Similarity Computation

Similarity Computation #

This page contains the following content:

Similarity Valuator #

The similarity between two data objects can be calculated using a SimilarityValuator:

SimilarityValuator simVal = SimilarityModelFactory.newSimilarityValuator();
Similarity similarity = simVal.computeSimilarity(objectA, objectB);

A similarity cache can be passed to a similarity valuator to speed up time-consuming repetitive computations.

simVal.setSimilarityCache(simCache);

A similarity cache can be passed to a similarity valuator of a retriever in order to use a cache during the retrieval.

retriever.getValuator().setSimilarityCache(simCache);

The construction of similarity caches is described in the following sections.

Similarity Cache #

A Similarity Cache stores pairs of keys and values. A key is a pair of data object ID’s and its value represents the objects’ similarity.

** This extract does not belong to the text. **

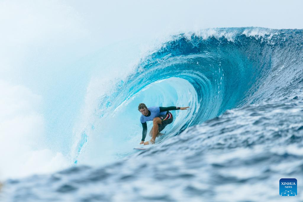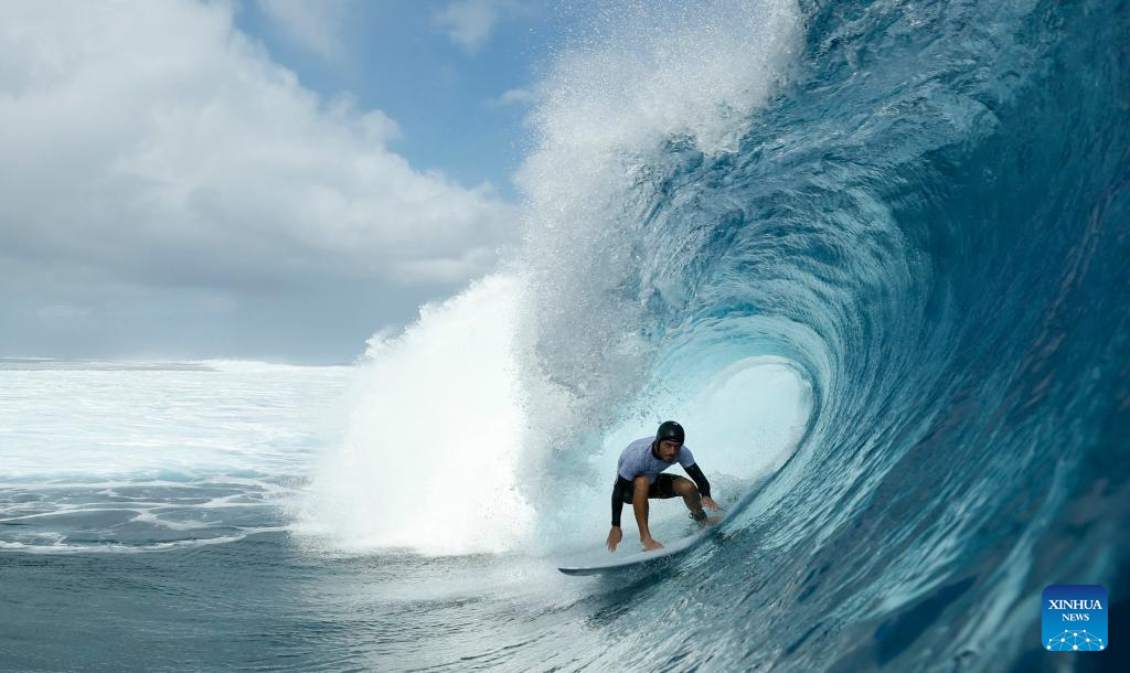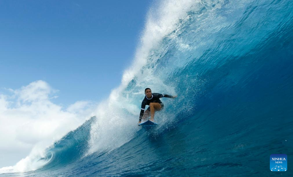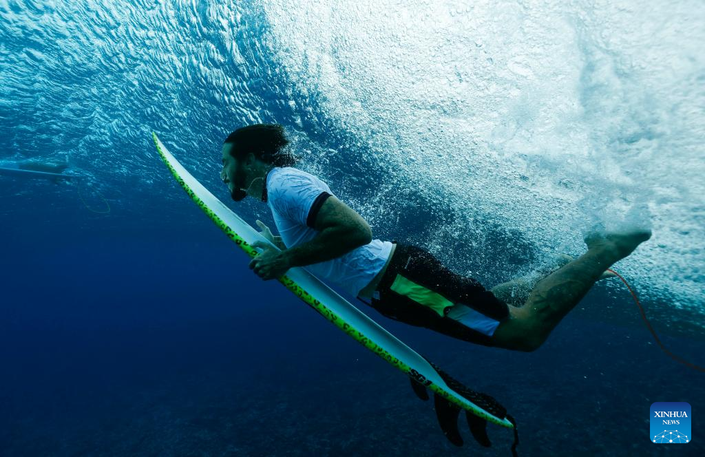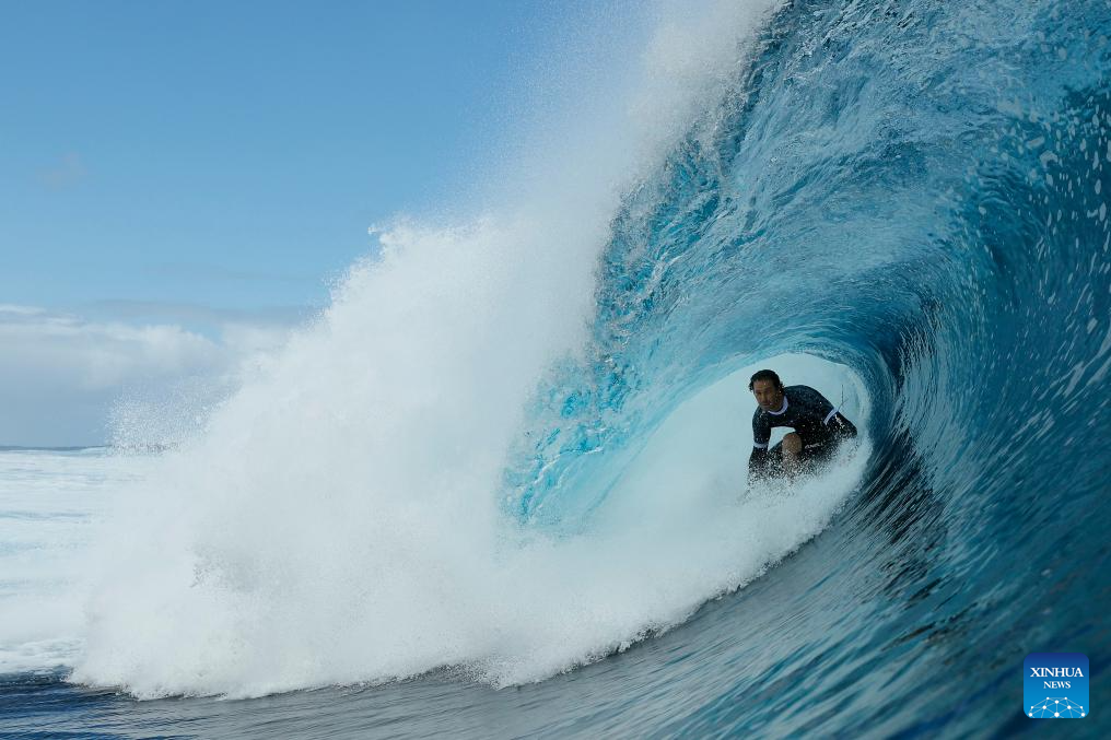 TAHITI, 24 julio, 2024 (Xinhua) -- Imagen del 23 de julio de 2024 de Joao Chianca de Brasil participando en una sesión de entrenamiento de surf previo a los Juegos Olímpicos de París 2024, en Teahupo'o, Tahití, Polinesia Francesa. (Xinhua/Ben Thouard/POOL)

CaffeineSimilarityCache simCache = CaffeineSimilarityCache.builder().build();

Optionally, you can provide the cache with one or multiple eviction strategies.

Size based eviction

When a new entry would exceed the maximum size or weight the cache will make space by evicting entries that have not been used recently or very often.

CaffeineSimilarityCache sizeSimCache = CaffeineSimilarityCache.builder()
    .withMaximumSize(10_000)
    .build();

If entries have different “weights”, you may set a maximum weight instead of size. This requires you to implement your own weigher. A weigher is an object of a class which implements the functional interface Weigher<Pair<String, String>, Similarity>.

Override the weigh method in your class.

class MyWeigher implements Weigher<Pair<String, String>, Similarity> {
    @Override
    @NonNegative int weigh(Pair<String, String> pair, Similarity similarity) {
        return pair.getLeft().length() + pair.getRight().length();
    };
}
CaffeineSimilarityCache weightSimCache = CaffeineSimilarityCache.builder()
    .withMaximumWeight(10_000)
    .withWeigher(new MyWeigher())
    .build();

Alternatively, you can use a lambda expression.

CaffeineSimilarityCache weightSimCache = CaffeineSimilarityCache.builder()
    .withMaximumWeight(10_000)
    .withWeigher((Pair<String, String> pair, Similarity similarity) -> pair.getLeft().length() + pair.getRight().length())
    .build();

Time based eviction

Another way to evict entries is to have them expire after a certain period of time. This time can be measured from the moment of writing an entry to the cache and/or the last time it was accessed.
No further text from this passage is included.